Primary landing page (usually GitHub repo)

codeRepository

Source code repository URL (GitHub, GitLab, etc.)

programmingLanguage

Primary language(s)

Common values: "Python", "C++", "JavaScript", "Jupyter Notebook"

license

Software license identifier (SPDX format)

Common values:

  • "Apache-2.0": Permissive, commercial OK
  • "MIT": Very permissive
  • "GPL-3.0": Copyleft
  • "BSD-3-Clause": Permissive
  • "Proprietary": Restricted

keywords

Array of relevant tags/keywords

Categories:

  • Tasks: segmentation, classification, registration, detection
  • Modalities: CT, MRI, X-ray, ultrasound, microscopy
  • Techniques: deep-learning, traditional-cv, machine-learning
  • Domains: medical-imaging, scientific-imaging, neuroscience

supportingData.modalities

Medical imaging modalities supported

Standard values:

  • "CT": Computed Tomography
  • "MRI": Magnetic Resonance Imaging
  • "XR": X-ray radiography
  • "US": Ultrasound
  • "PET": Positron Emission Tomography
  • "SPECT": Single-Photon Emission CT
  • "OCT": Optical Coherence Tomography
  • "Microscopy": Various microscopy types

supportingData.dimensions

Spatial dimensions supported

Values: ["2D"], ["3D"], ["2D", "3D"], ["4D"]

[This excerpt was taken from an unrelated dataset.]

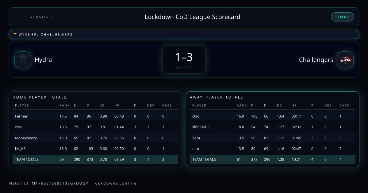 Scoreline: 1 - 3Winner: ChallengersMatch ID: M1769573888108GXDUGY

  • 2D: Single slice images
  • 3D: Volumetric data
  • 4D: Time-series volumes (3D + time)

supportingData.formats

File formats supported for input/output

Common values:

  • Medical: "DICOM", "NIfTI", "NRRD", "Analyze"
  • Standard: "PNG", "JPEG", "TIFF", "BMP"
  • Scientific: "HDF5", "Zarr", "OME-TIFF"
  • Other: "NumPy", "MAT"

supportingData.tasks

Analysis tasks the tool performs

Common values:

  • "segmentation": Image segmentation
  • "classification": Image classification
  • "detection": Object detection
  • "registration": Image registration/alignment
  • "reconstruction": 3D reconstruction
  • "enhancement": Image enhancement
  • "analysis": General analysis

supportingData.demo_url

Link to runnable demo (HuggingFace Space, Colab, web app)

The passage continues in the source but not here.